No arguments against were filed.

— Alameda County Registrar of Voters

Read the proposed legislation

Proposed legislation

RESOLUTION NO. – N.S.

AUTHORIZING THE CITY OF BERKELEY TO INCUR BONDED DEBT AND ISSUE A GENERAL OBLIGATION BOND FOR IMPROVEMENTS TO EXISTING CITY INFRASTRUCTURE AND FACILITIES

WHEREAS, this resolution is adopted pursuant to and in conformance with Chapter 7.64 of the Berkeley Municipal Code; and

WHEREAS, the City's existing infrastructure is critical to protecting the public safety and welfare and enabling the residents of Berkeley to have a high quality of life:

  • Streets and sidewalks provide for transportation and accessibility for both the general public and public safety personnel.
  • Storm drains and green infrastructure projects protect the public from flooding and improve the quality of runoff into San Francisco Bay.
  • Senior Centers provide important services for the City's seniors, including educational courses, activities, social support, emergency shelters in disasters, and meals.
  • Parks and recreation centers and facilities provide recreational, educational and social opportunities and support for children and families, and recreation centers can also function as emergency shelters in disasters.
  • The City's public buildings and other facilities are both important cultural resources in themselves and provide public services to the residents of Berkeley.

WHEREAS, the City’s existing infrastructure and facilities, including the types of infrastructure and facilities listed above, are in need of significant repair, renovation, replacement, or reconstruction (the “Improvements”) so that the public can continue to benefit from them; and

WHEREAS, existing funds and funding sources are inadequate to pay for the Improvements that are necessary in the short term; and

WHEREAS, the City’s existing and future infrastructure is critical to protecting the public safety and welfare; and

WHEREAS, documented existing infrastructure and facility needs substantially exceed $100,000,000; and

WHEREAS, the City Council has therefore determined that the public interest requires additional funding for the Improvements.

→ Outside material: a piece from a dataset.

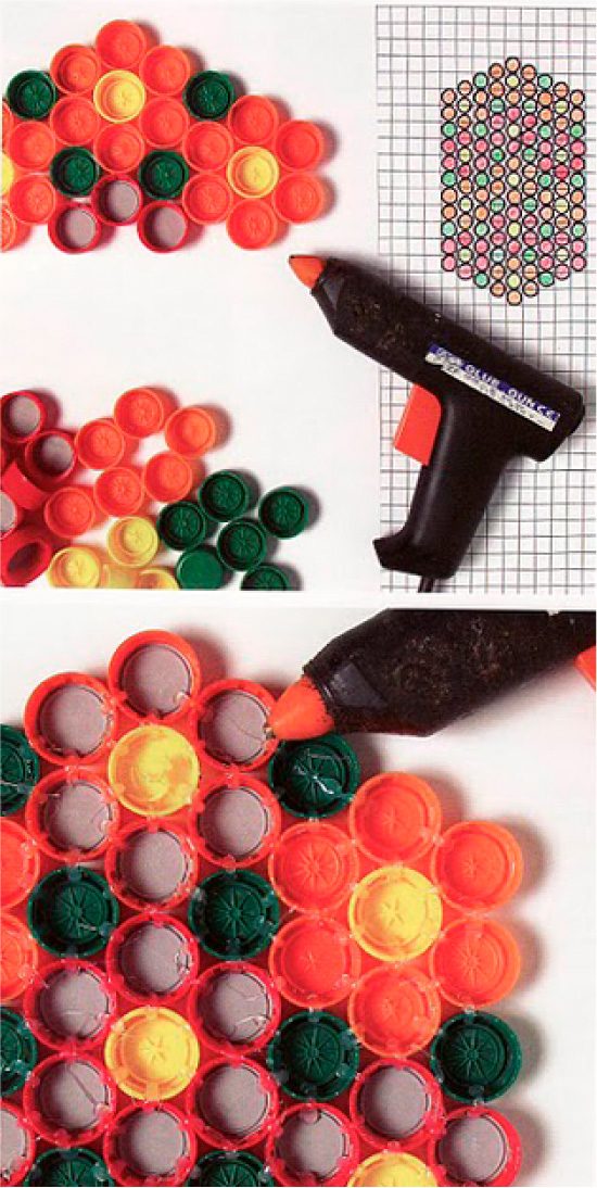 Пластиковые крышки при составлении панно позволяют играть не только с их цветом, но и с размерами, а также комбинациями уложенных друг на друга крышек (см. фото).

NOW THEREFORE, BE IT RESOLVED by the People of the City of Berkeley that the public interest requires the issuance of a general obligation bond in the amount of $100,000,000 to fund the Improvements.

BE IT FURTHER RESOLVED the People of the City of Berkeley that:

     A. Proceeds of bonded indebtedness shall be used to fund the Improvements. In addition, 1% of the bond proceeds shall be available for functional art integrated into Improvements that are paid for by bond proceeds, as and to the extent determined by the City Council.
     B. Each year as part of the budget process the City Manager shall provide to the City Council a comprehensive report of funds received pursuant from any bonded indebtedness authorized by this resolution and how they have been expended in an equitable manner throughout the City, listing all specific projects on which they have been expended.
     C. Subcommittees of the Public Works Commission and the Parks and Waterfront Commission shall engage in a robust public process to obtain input, and will jointly report to the City Council on an annual basis regarding projects funded by the bond and bond expenditures.

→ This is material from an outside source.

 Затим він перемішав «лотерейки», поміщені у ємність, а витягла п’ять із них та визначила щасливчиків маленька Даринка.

BE IT FURTHER RESOLVED the People of the City of Berkeley that:

     A. The estimated cost of the Improvements to be funded by any bonds issued pursuant to this measure is $100,000,000, although the total cost of all identified infrastructure and facility needs is substantially in excess of $100,000,000.
     B. The amount of the principal of the general obligation indebtedness (the "Bonds") to be incurred shall not exceed $100,000,000.
     C. The estimated cost may include legal and other fees and the cost of printing the Bonds and other costs and expenses incidental to or connected with the issuance and sale of the Bonds.
     D. The proceeds of the Bonds authorized to be issued by this resolution shall be used to finance construction of the Improvements and functional art integrated into the Improvements, to pay any fees and costs in connection with the issuance of the Bonds, including but not limited to, legal fees and bond printing costs.
     E. The maximum rate of interest to be paid on the Bonds shall not exceed six percent (6%).